中国迷爺爺の日記

中国好き独居老人の折々の思い

民主主義(3) 独裁

2012-01-18 14:25:41 | 身辺雑記

  民主主義の対比語として独裁、専制、権威主義などがある。3代世襲となっている金一族の独裁国家である北朝鮮が「民主主義人民共和国」と称しているのはブラックユーモアのようだが、今の世界には独裁国家や専制国家は少なくない。一党独裁体制の中国は「民主」ということを忌避しているようだ。 

 

 また新大阪市長の橋下徹氏を引き合いに出すが、彼は昨年開いた政治資金パーティーで「今の日本の政治に一番重要なのは独裁。独裁と言われるくらいの力だ」と発言したそうだが、政治家を自称する者の発言としては聞き捨てならないものがある。彼はテレビタレントじみた弁護士上がりで、饒舌というほどに弁が立つし、何か失言してもあれこれ弁解したり居直ったりする。この発言にしても、衝かれたら「独裁そのものが必要と言ったのではない。それくらい強い力だ」くらいのことは言うだろうが、若手政治家としてマスコミにもてはやされ、その手腕に期待する国民も少なくない人物としては誤解を招く物言いで軽率だ。総理として期待される人物として、あるアンケートでは石原東京都知事に次ぐ人気だそうだから(位は小泉元首相)、順風満帆で、ちょっと突っ走り過ぎているのではないかとも思う。

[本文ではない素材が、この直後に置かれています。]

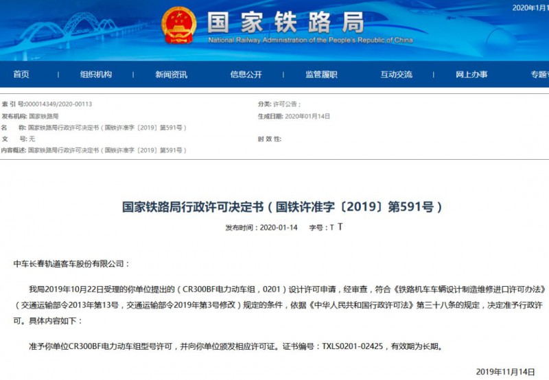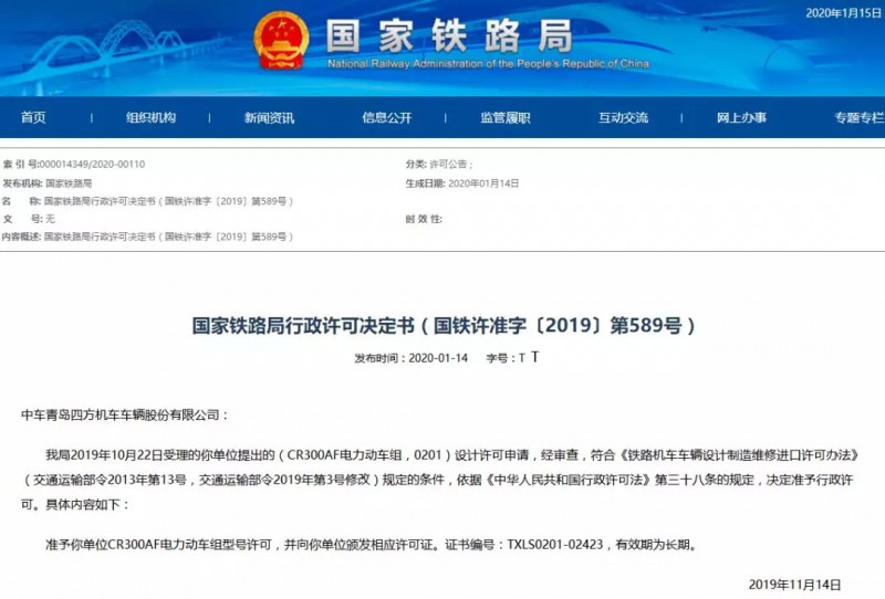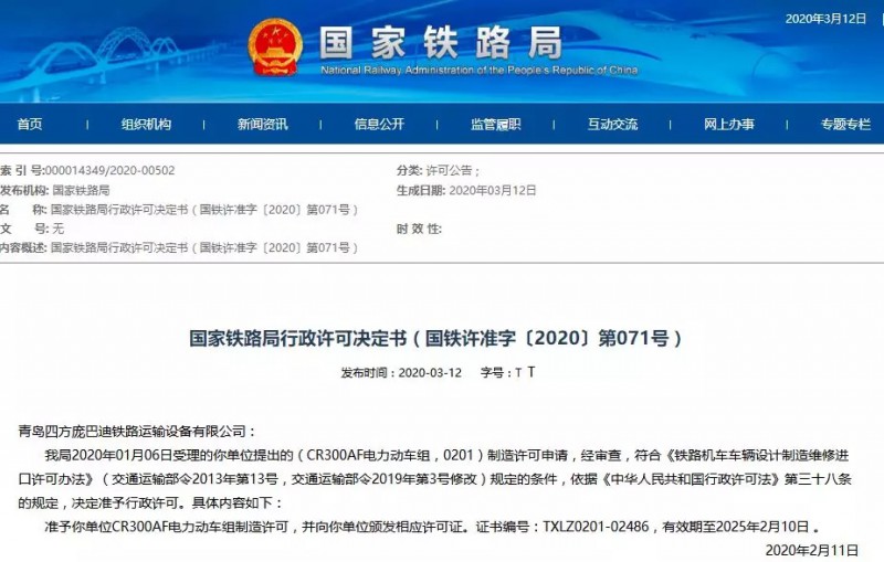 青島四方龐巴迪鐵路運(yùn)輸設(shè)備有限公司: 我局2020年01月06日受理的你單位提出的(CR300AF電力動(dòng)車組,0201)制造許可申請,經(jīng)審查,符合《鐵路機(jī)車車輛設(shè)計(jì)制造維修進(jìn)口許可辦法》(交通運(yùn)輸部令2013年第13號(hào),交通運(yùn)輸部令2019年第3號(hào)修改)規(guī)定的條件,依據(jù)《中華人民共和國行政許可法》第三十八條的規(guī)定,決定準(zhǔn)予行政許可。具體內(nèi)容如下: 準(zhǔn)予你單位CR300AF電力動(dòng)車組制造許可,并向你單位頒發(fā)相應(yīng)許可證。證書編號(hào):TXLZ0201-02486,有效期至2025年2月10日。 2020年2月11日

ある知人が、周囲に少し自制を促すブレーンがいないとちょっと怖いと言っていた。ある新聞の川柳欄に「すぐバカと言う橋下と慎太郎」という句があった。公の場で、バカとかクソということばを発するのは品性の問題だ。 

  

 第一次大戦後のドイツには民主憲法を持つヴァイマール共和国が誕生したが、その議会制を足がかりにしてナチスを率いるヒットラーが政権を握り、やがて全欧州を蹂躙したナチスドイツという凶悪な独裁国家となった。当時のドイツ国民は独裁者ヒトラーの激越なアジ演説に陶酔し、ヒトラーに国の命運を託して破滅へと突き進んでしまった。独裁制が倒れて民主制になるものだと思うのが今の時代だが、過去にはこういうこともあったのだ。ヴァイマール共和国が崩壊した原因は、いろいろ研究されているようだが、恐慌による社会不安などもあるが、何よりも既存政党と民主主義への失望がその原因とされている。 

 

 橋下氏は既成政党を批判し、自分の主張を通すための地ならしとして、国政選挙にも打って出ようとしているが、それがまた閉塞感に捉われていると言われている庶民に受けて人気があるようだ。民主主義をあたり前のものとして安住するのではなく、こういう制度の中からも、ともすると独裁のような強力な指導者を求める危うい風潮が生まれることを警戒しなければならないと思う。